* [Exercise materials]
»»

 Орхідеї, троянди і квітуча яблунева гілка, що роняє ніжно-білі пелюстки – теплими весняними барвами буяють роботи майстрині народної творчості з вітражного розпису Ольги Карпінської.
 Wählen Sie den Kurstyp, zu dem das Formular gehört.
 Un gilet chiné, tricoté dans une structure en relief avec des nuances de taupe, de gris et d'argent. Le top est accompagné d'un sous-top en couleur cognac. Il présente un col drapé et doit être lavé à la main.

««
»»

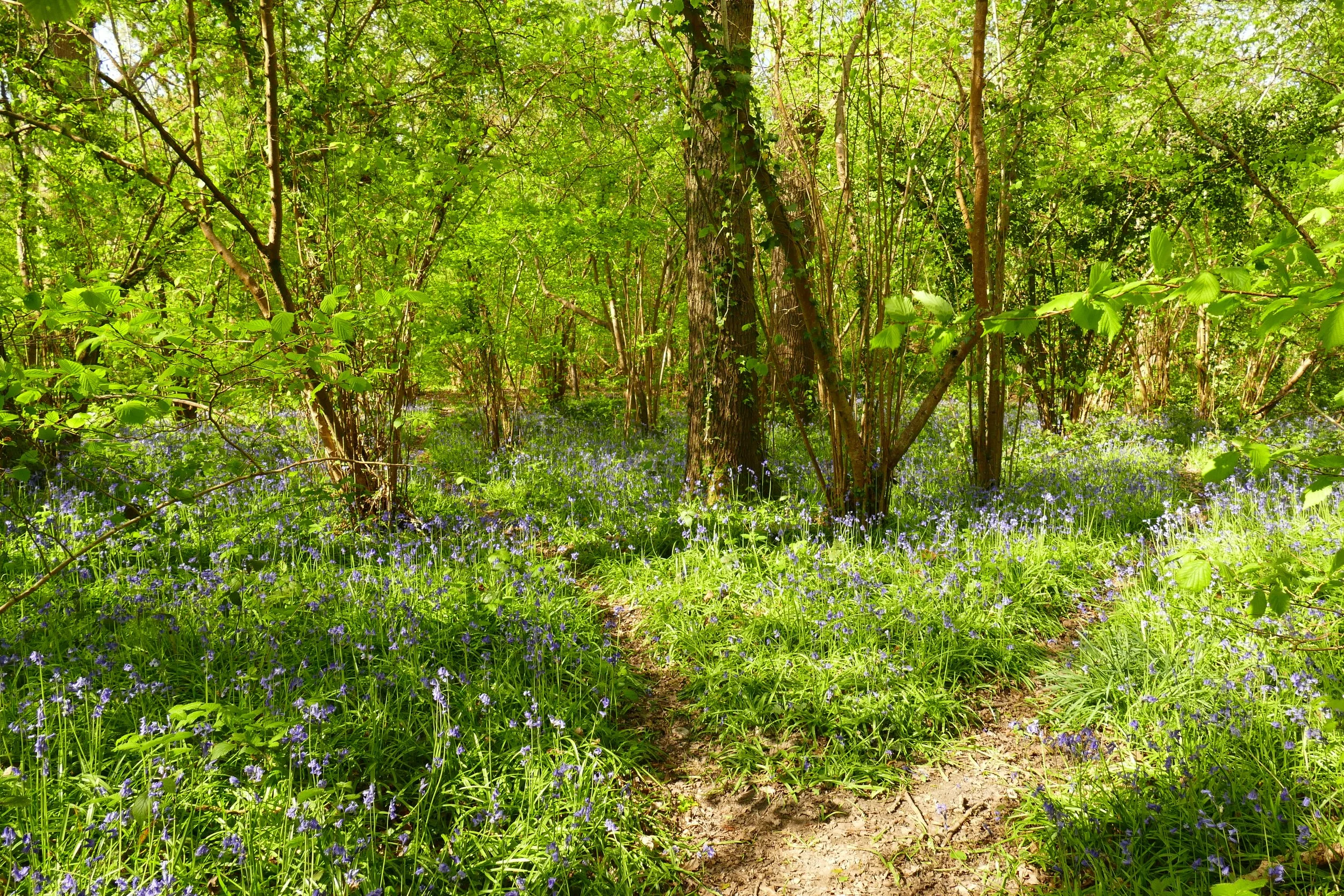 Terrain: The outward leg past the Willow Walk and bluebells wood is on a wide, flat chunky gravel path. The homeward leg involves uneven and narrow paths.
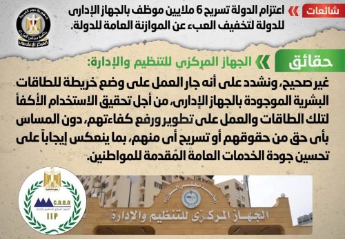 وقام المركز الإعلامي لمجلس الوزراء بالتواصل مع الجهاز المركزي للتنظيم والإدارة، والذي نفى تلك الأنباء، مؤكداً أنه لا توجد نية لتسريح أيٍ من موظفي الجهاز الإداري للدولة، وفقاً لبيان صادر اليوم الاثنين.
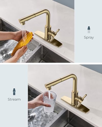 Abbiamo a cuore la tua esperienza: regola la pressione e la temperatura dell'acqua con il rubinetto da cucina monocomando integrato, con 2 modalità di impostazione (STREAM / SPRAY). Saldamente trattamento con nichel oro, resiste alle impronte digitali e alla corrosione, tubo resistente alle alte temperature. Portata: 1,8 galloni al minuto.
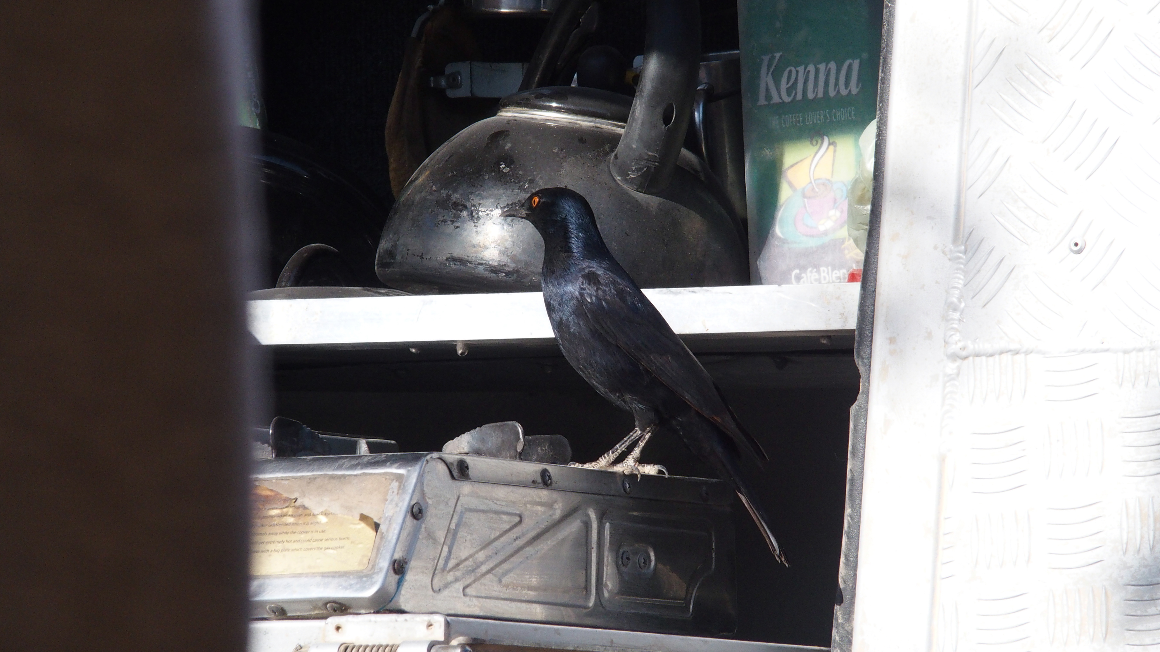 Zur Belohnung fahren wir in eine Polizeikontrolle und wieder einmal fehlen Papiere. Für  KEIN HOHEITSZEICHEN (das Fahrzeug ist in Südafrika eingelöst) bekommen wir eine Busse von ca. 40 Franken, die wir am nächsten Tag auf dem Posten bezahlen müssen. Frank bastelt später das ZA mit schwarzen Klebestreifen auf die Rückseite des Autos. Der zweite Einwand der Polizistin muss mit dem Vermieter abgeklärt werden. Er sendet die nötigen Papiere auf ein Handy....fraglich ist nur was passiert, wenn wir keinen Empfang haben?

««
»»

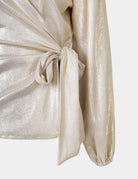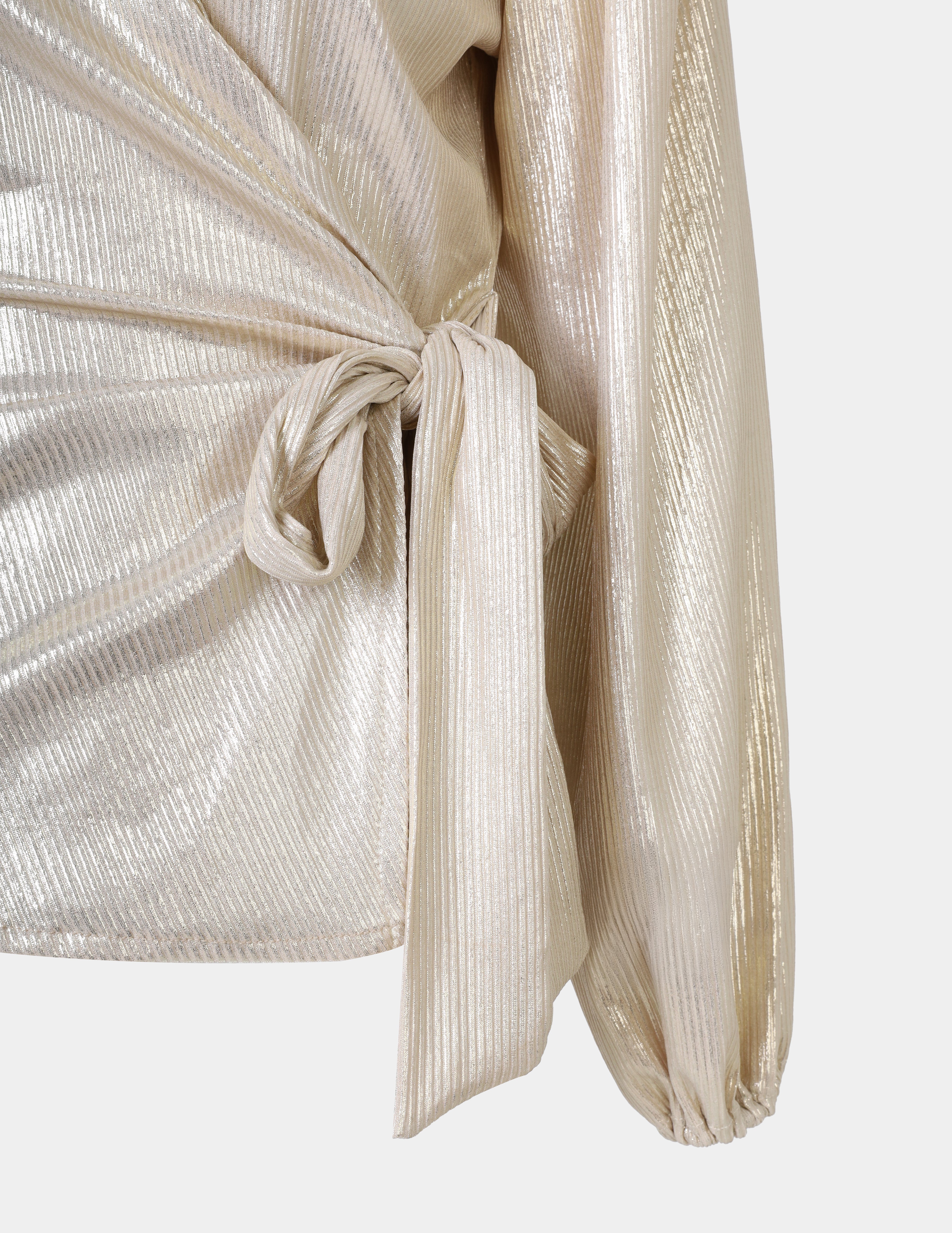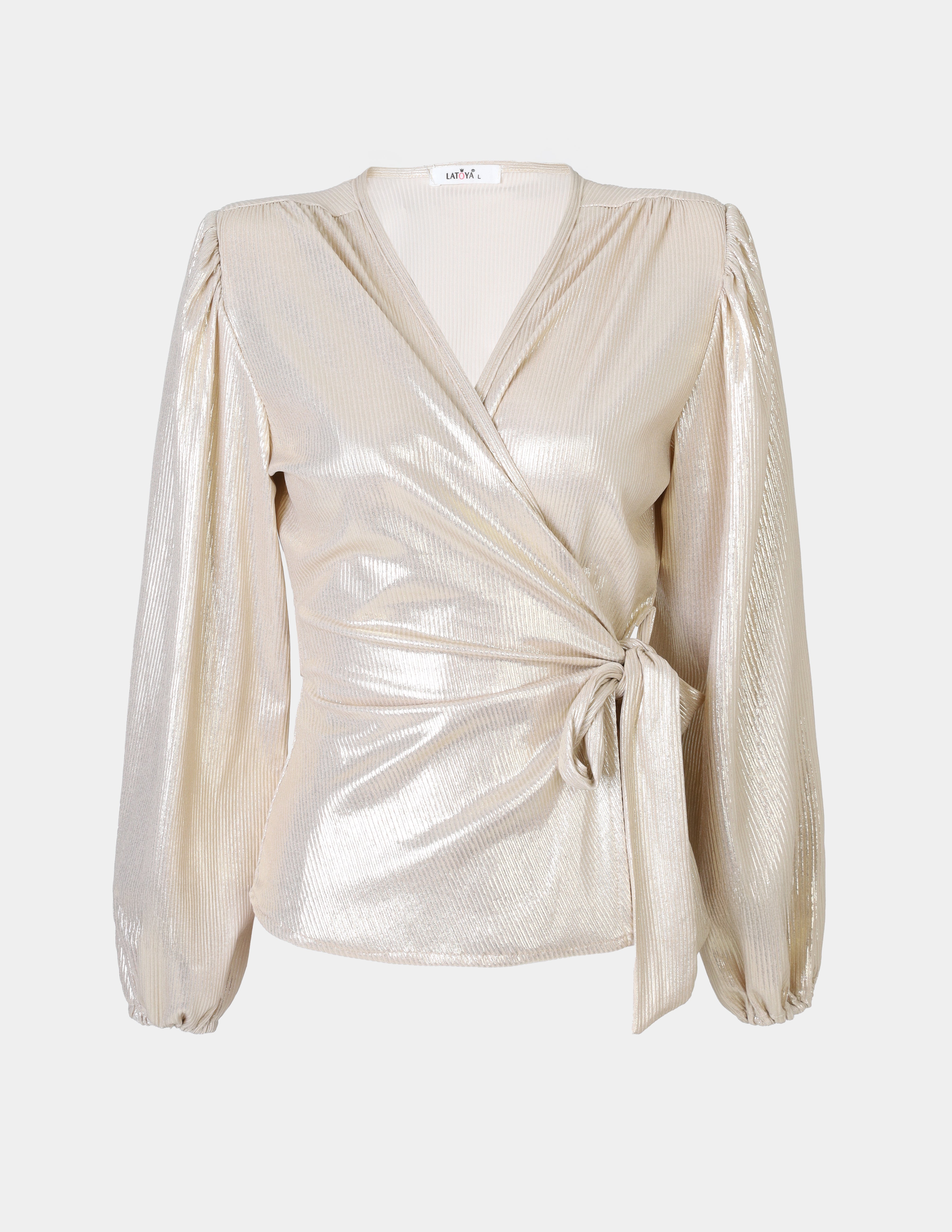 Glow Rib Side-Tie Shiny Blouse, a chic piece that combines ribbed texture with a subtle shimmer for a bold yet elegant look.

««

* [Work to be completed] Nothing but the lines from the one with "Abbiamo a cuore" up to and including the one with "Zur Belohnung fahren" should be printed, exactly as they read above. Please keep the pictures out.

* [Exercise output]
 Abbiamo a cuore la tua esperienza: regola la pressione e la temperatura dell'acqua con il rubinetto da cucina monocomando integrato, con 2 modalità di impostazione (STREAM / SPRAY). Saldamente trattamento con nichel oro, resiste alle impronte digitali e alla corrosione, tubo resistente alle alte temperature. Portata: 1,8 galloni al minuto.
 Zur Belohnung fahren wir in eine Polizeikontrolle und wieder einmal fehlen Papiere. Für  KEIN HOHEITSZEICHEN (das Fahrzeug ist in Südafrika eingelöst) bekommen wir eine Busse von ca. 40 Franken, die wir am nächsten Tag auf dem Posten bezahlen müssen. Frank bastelt später das ZA mit schwarzen Klebestreifen auf die Rückseite des Autos. Der zweite Einwand der Polizistin muss mit dem Vermieter abgeklärt werden. Er sendet die nötigen Papiere auf ein Handy....fraglich ist nur was passiert, wenn wir keinen Empfang haben?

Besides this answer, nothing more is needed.